— Вы улыбаетесь? Вы не верите? — спросила она испуганно, мягко беря меня за руку.
— Нет, верю… Но этого мало: я еще и хорошо знаю вас.
— Что вы хотите сказать?
— То, что вы вообще никого не любили… Вы любите только жизнь… ничего больше.
Она откинулась на спинку дивана и, глядя куда-то вдаль своими большими, черными, сейчас расширенными глазами, словно впервые разбираясь в своей душе, медленно произнесла:
— Да… пожалуй… А ведь и в самом деле, я никого не любила… Как вы верно сказали!
День гас. Мария Диаман встала и опустила шторы.
— У меня какое-то скверное предчувствие…
— Отчего?
— Не знаю. А, да все равно! Давайте выпьем вина…
Она принесла бутылку Шамбертена, звонко раскупорила, налила в стаканы.
— Выпьем за мое полное прощение!
Я протянул мой стакан.
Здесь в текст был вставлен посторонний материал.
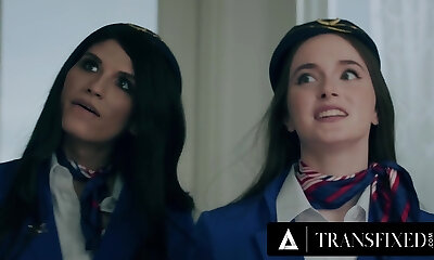 Super-cute Huge-titted Teen Stewardess Enjoys Gonzo Sex With Her Charming Brunette Shemale Colleague
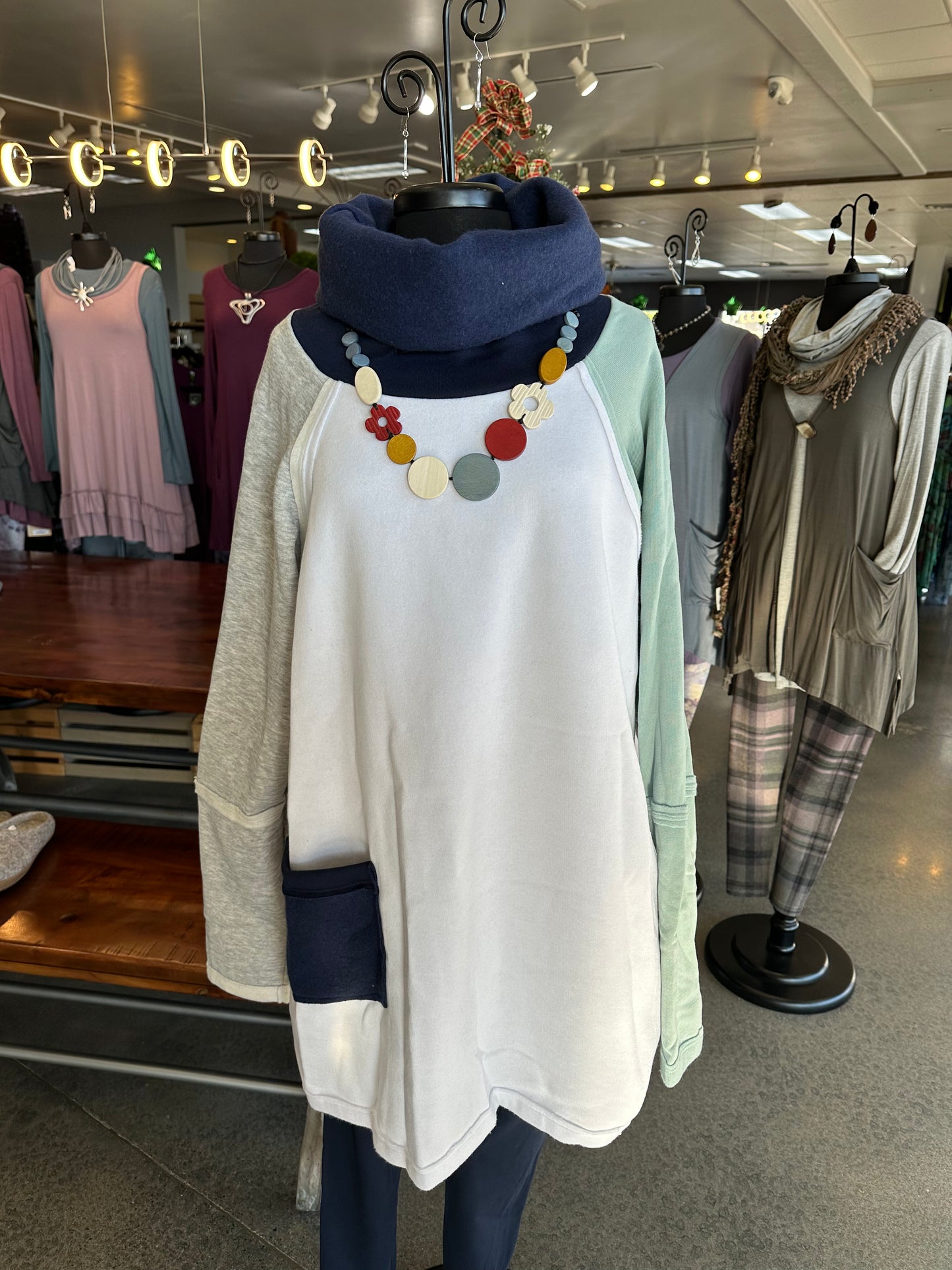 Designed by Twist Boutique owner Trish, the new Colorado flaunts a generous funnel neck that easily adjusts to your desired style to stay warm and cozy this season! Contrast raw seams and a right side patch pocket create added interest. Five inch sleeve cuffs allow you to roll them up to the look and length you prefer. Inside you'll find ultra soft fleece that keeps you comfy and cozy.
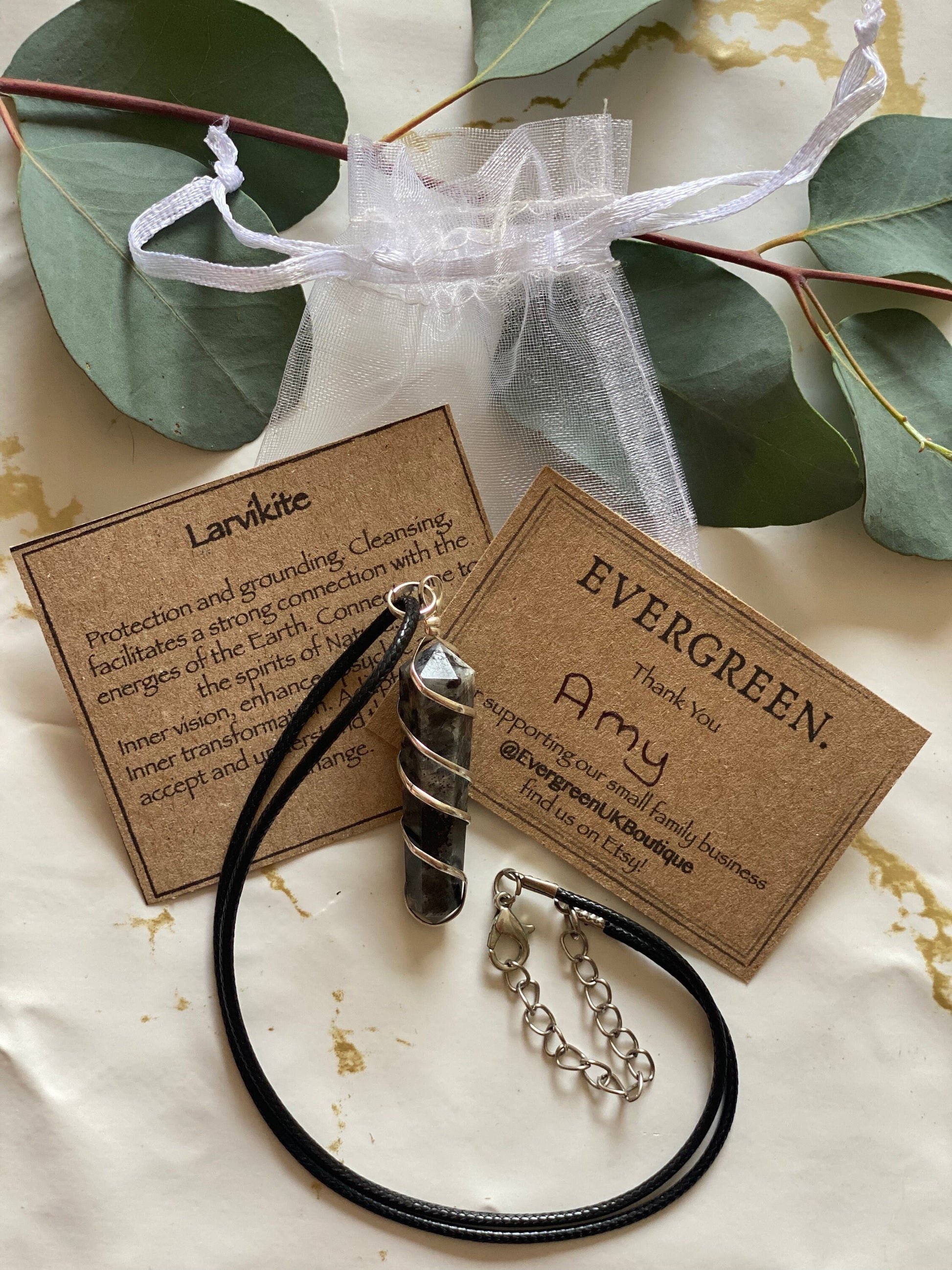 Larvikite Crystal Spiral Pendant - Cleansing, Grounding & Protection
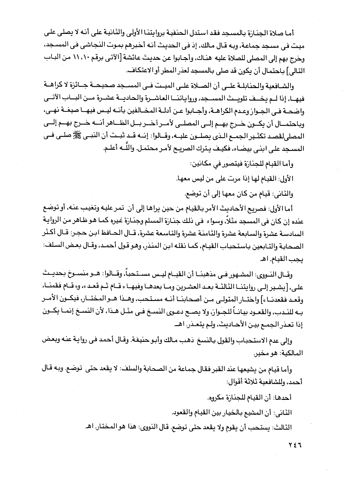 وقال النووي: المشهور في مذهبنا أن القيام ليس مستحباً، وقالوا: هو منسوخ بحديث علي، [يشير إلى روايتنا الثالثة بعد العشرين وما بعدها وفيها "قام ثم قعد"، و"قام فقمنا، وقعد فقعدنا"] واختار المتولي من أصحابنا أنه مستحب، وهذا هو المختار، فيكون الأمر به للندب، والقعود بياناً للجواز، ولا يصح دعوى النسخ في مثل هذا، لأن النسخ إنما يكون إذا تعذر الجمع بين الأحاديث، ولم يتعذر. اهـ.
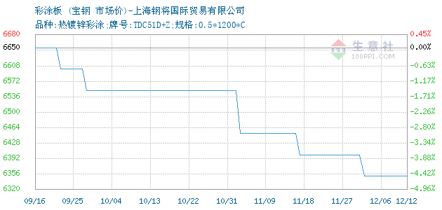 | 品种:热镀锌彩涂;牌号:TDC51D+Z;规格:0.5*1200*C 附加说明: |
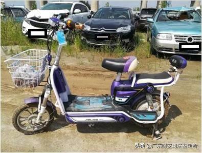 【鉴定意见】某品牌小型轿车前部左侧与某品牌电动二轮车后部接触碰撞。
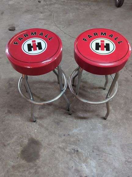 DescriptionTwo bar stools with red Farmall logo seats and chrome frames. Seats are made of 100% polyurethane foam. Made in China for CNH America LLC.
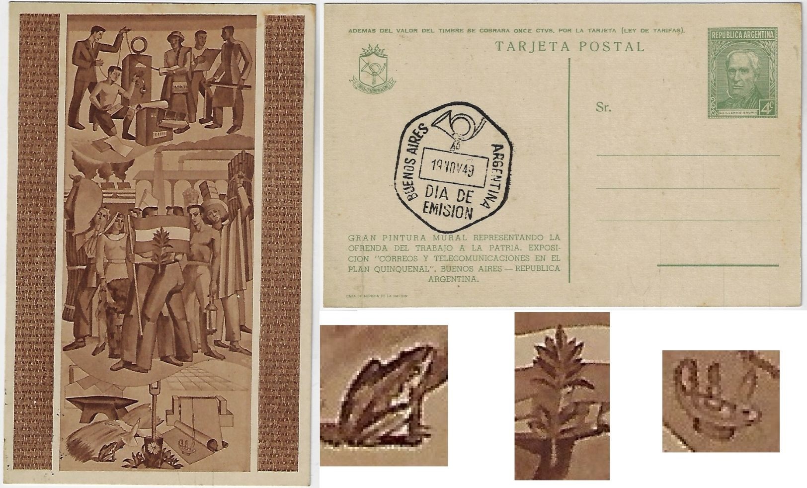 | 82625 | Argentina, 1949, inteiro postal tipo bilhete Exposição Correio e Telecomunicações no Plano Quinquenal, Oferta de Trabalho, selo 4 Centavos, carimbo de 1º dia de circulação | 14,00 | Foto |
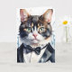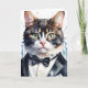 Arte de salpicaduras de acuarela de un gato atigrado en esmoquin y corbatín negro en esta tarjeta de felicitación en blanco.
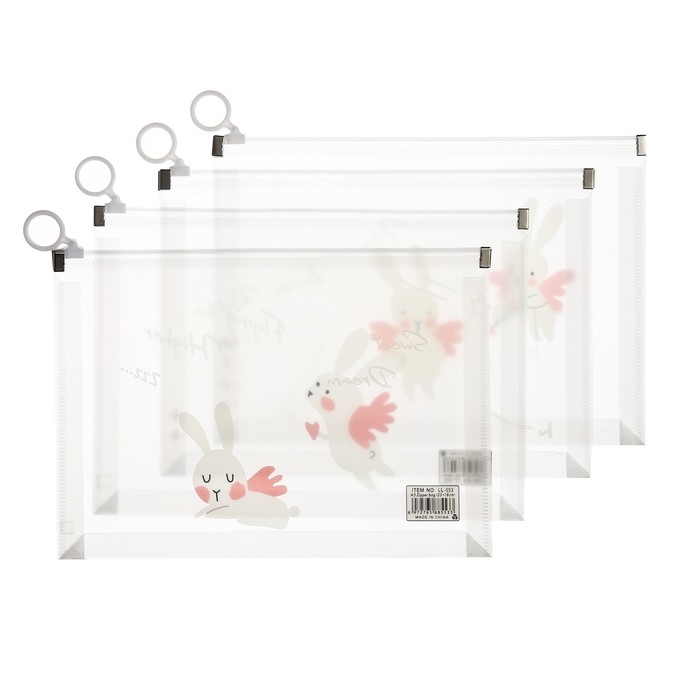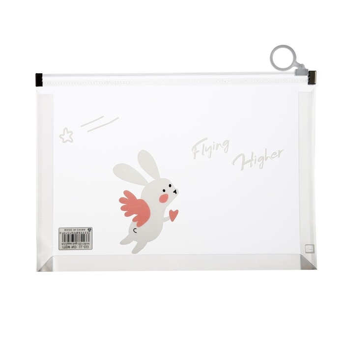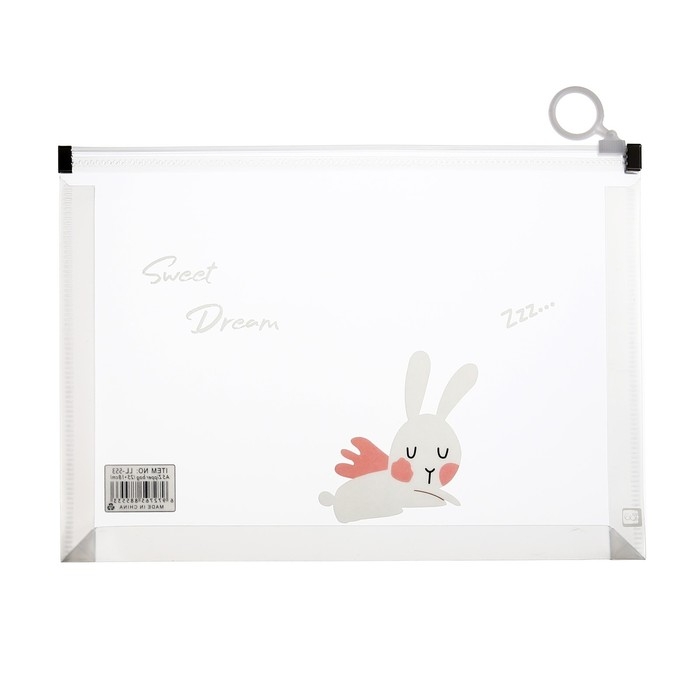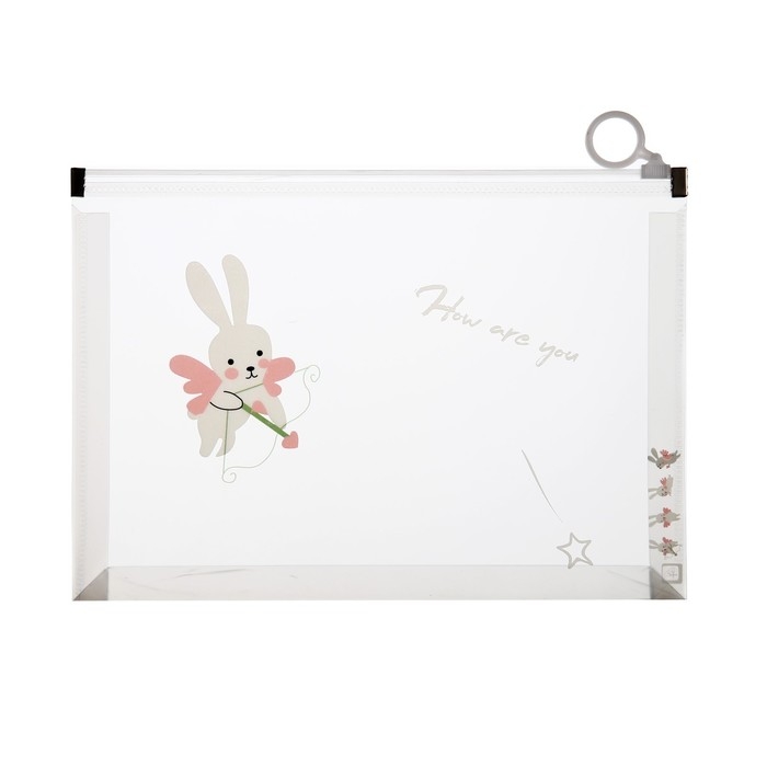 Папка-конверт на молнии формат А5, 180мкр, с рисунком "Зайчик", МИКС
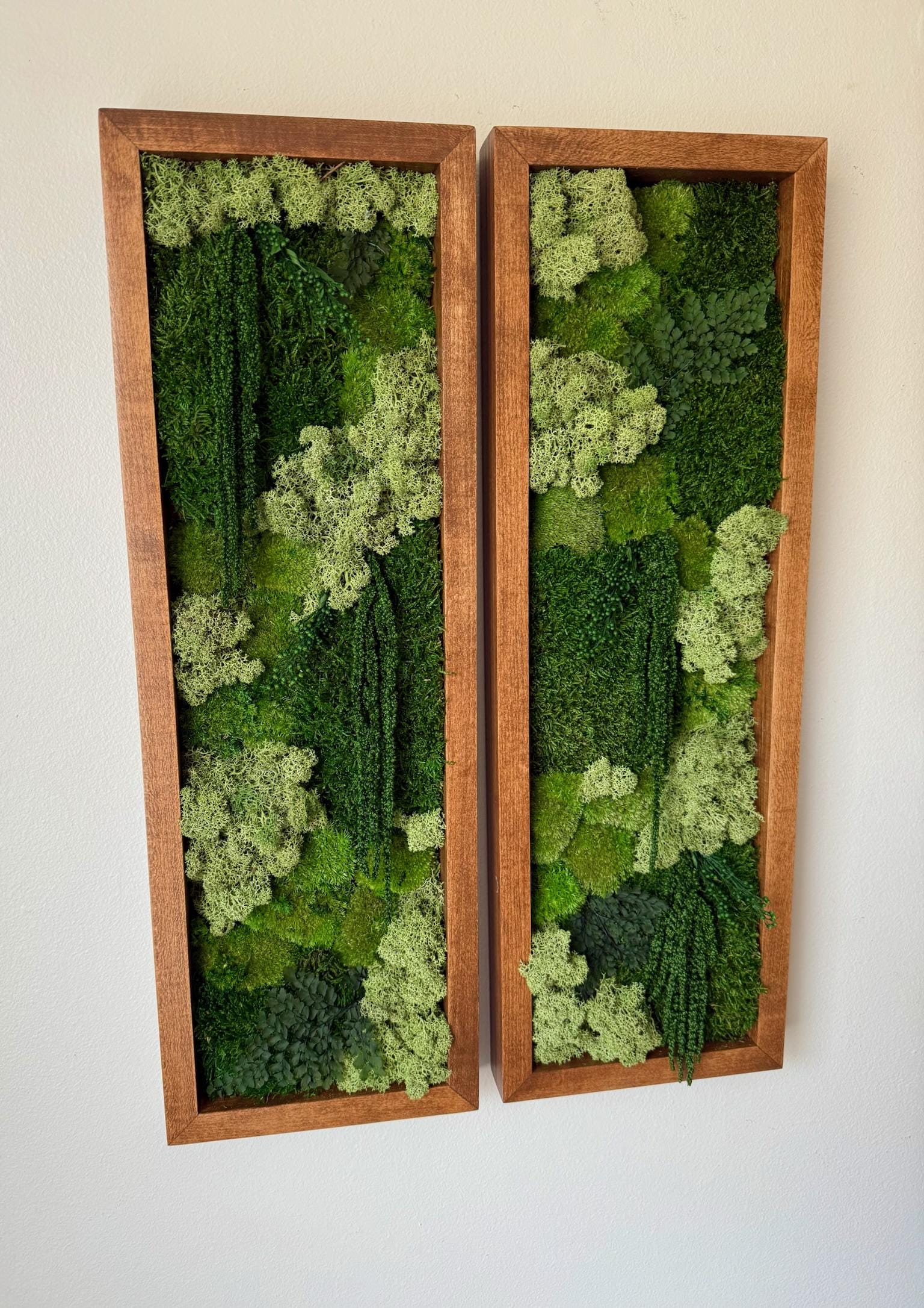The includes one to four - 36” x 12” by 2" deep wood frames carefully assembled with preserved reindeer moss, hardware attached for hanging on each frame. The frame can be hung horizontally or vertically.

Мы чокнулись, и она залпом выпила вино.
Неслышно, незаметно, странно мое сердце наполнилось тоже предчувствиями надвигающегося ужаса, чьей-то гибели и смерти.
И в ту же минуту предательская жалость к этой женщине тихо и сладко охватила мою душу. Никогда еще во всю мою жизнь я не испытывал такого страстного и победного желания спасти и помочь, как в этот вечереющий час, полный неожиданности, неясных томлений и необъяснимого раскаяния.
И вдруг мой слух уловил негромкие, сдерживаемые рыдания. Мария Диаман плакала.
И тогда, внезапно потеря в волю над собой, я опустился на колени пред этой несчастной женщиной, готовый утешить ее, как побитого и униженного ребенка.
Не знаю, не помню, не сознаю, как все это случилось, что сплело нас в этот страшный, огненный миг, соединивший в себе страсть, тоску, нежность, жестокость отмщения кому-то невидимому и ушедшему.
Порыв прошел.
Гладя мои волосы, Мари говорила мне о том, как она измучена, как ей жутко и пустынно жить, как до сих пор она чувствует, будто пощечину, эту пачку денег, брошенную мной в лицо ей, лежащей на полу в квартире Варташевского после его убийства.